Doğal Saç Maskeleri ile saçları parlatma

Saçları güzelleştirmeye ve cildi gençleştirmeye yönelik reçeteler, eski Mısır yazılarında bile bulunuyor! Bunların içinde su aygırı yağı, ceylan boynuzu içerenler bile var! Eski Romalılarınsa kırışıklarından kurtulmak için nergis tomurcuklarını balla karıştırdıkları biliniyor. 17. yüzyılda ise kadınların saçları ve yüzleri için özel ipek kılıflar diktikleri ve geceleri bunlarla uyudukları kayıtlara geçen bilgiler arasında…
Bitkisel kaynaklı ürünlerin ve organik kozmetiğin çok revaçta olduğu bugünlerde uzmanlar tamamen doğal, kendi kendinize yapabileceğiniz maskeler öneriyor: Evde kendi spa’nızı yaratmanız ve sağlıkla parlayan saçların keyfini çıkarmanız için!

Unlu - Elma Sirkeli Maske

Hazırlanışı ve uygulama:

Maskeyi hazırlamak için tüm malzemeleri çukur bir kapta karıştırın. Ve bu karışımı kuru saçınıza masajla yedirin. Tüm saçınızı tepenize toplayın ve başınıza bir saç bonesi geçirin. Maskeyi saçınızda yaklaşık 25 - 30 dakika bırakın. Ardından saçınızı, ılık suyla durulayın. Çünkü sıcak su maskenin saçınızdan akmasını biraz zorlaştırabilir.
Faydaları: Unlu maske kulağa başta tuhaf gelse de aslında aminoasit ile E ve B vitamini zengini buğday, saçlar için tam bir parlaklık kaynağı. Ayrıca sertleşen, kolayca dolaşan saçları da verdiği esneklikle büyük ölçüde rahatlatıyor.

Muzlu - Ballı Maske

Hazırlanışı ve uygulama: Tüm malzemeleri blenderdan geçirin ve macun haline gelmesini sağlayın. Saçlarınızı üzerindeki sprey, jöle gibi tüm kalıntılardan arınması için yıkayın ve havluyla kurutun. Ardından maskeyi bir tarak ya da boya fırçası yardımıyla kökten uca tüm saçlarınıza yedirin. Başınızı streç filmle sararak ya da bir bone geçirerek 1 saat bu halde bekleyin. Daha fazla da beklemenizde bir sakınca yok. Uzmanlar katlanabilenlerin gece bu halde uyumalarının harika sonuçlar yaratabileceğini söylüyor. Ancak eğer böyle yatacaksınız yatmadan en az bir saat önce sürün ki, saçlarınız kurusun ve üşütmeyin. Maskeyi çıkarmak için önce bol suyla arınana kadar durulayın sonra da saçı yapılandıran tipte bir şampuan uygulayın.

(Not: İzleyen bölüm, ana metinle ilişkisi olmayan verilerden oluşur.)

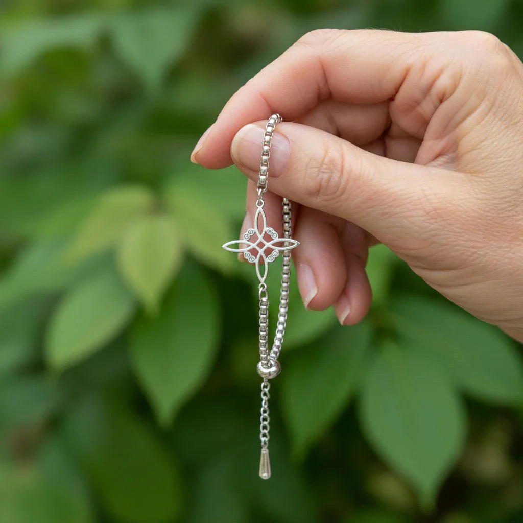 The intricate knot design catches the light beautifully while serving as your personal reminder of strength and protection.
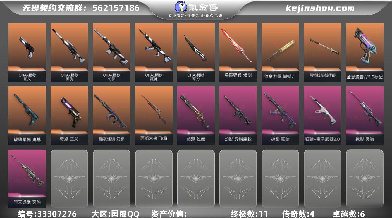 【套装】:ORA x 颗秒套装 【英雄】:炼狱,维斯,暮蝶,钛狐,壹决,铁臂,捷风,雷兹,幽影,不死鸟,贤者,猎枭,蝰蛇,零,芮娜,尚勃勒,霓虹,斯凯,夜露,K/O,盖可,黑梦 【近战武器】:近战武器-碎心裂刃,近战武器-ORA x 颗秒 军刀,近战武器-侦察力量 蝴蝶刀,近战武器-阿特拉斯指挥部 甩棍,近战武器-星际猎兵 短剑 【狂徒】:狂徒-ORA x 颗秒,狂徒-掠影,狂徒-离子武器//2.0 【幻影】:幻影-黯夜怪谈,幻影-ORA x 颗秒,幻影-异鳞魔蛇 【冥驹】:冥驹-ORA x 颗秒,冥驹-堕天遗武,冥驹-掠影 【飞将】:飞将-西部未来 【雄鹿】:雄鹿-起源 【骇灵】:骇灵-无限竞技 【标配】:标配-全息波普//2.0 【正义】:正义-奇点,正义-ORA x 颗秒 【鬼魅】:鬼魅-破败军械 【卡面】:热舞环节 卡面,失而复得 卡面,归乡 // 蝰蛇 卡面,树懒大作战 卡面,Clutch 卡面,暂别喧嚣 卡面,无畏契约GO!第一卷:芮娜 卡面,无畏契约GO!第一卷:零 卡面,《双城之战》金克丝 卡面,钢锁vs盖可 卡面,夯实根基 卡面,代号红色 卡面,新兵报到 卡面,V契约 卡面,无畏契约 卡面 【喷漆】:全力集中 喷漆,双人比心 喷漆,深海水族 喷漆,买装还是存钱 喷漆,无畏契约GO!第一卷:...

Faydaları: Çok çeşitli amino asitler, potasyum, A, B, C ve E vitaminleri içeren muz saçınız için tam bir güzellik kaynağı. Maskenin içindeki bal ve diğer malzemeler hem saçınızı hem de kafa derinizi besleyecek. Bu maskeyi ayda bir kez uygulayabilirsiniz.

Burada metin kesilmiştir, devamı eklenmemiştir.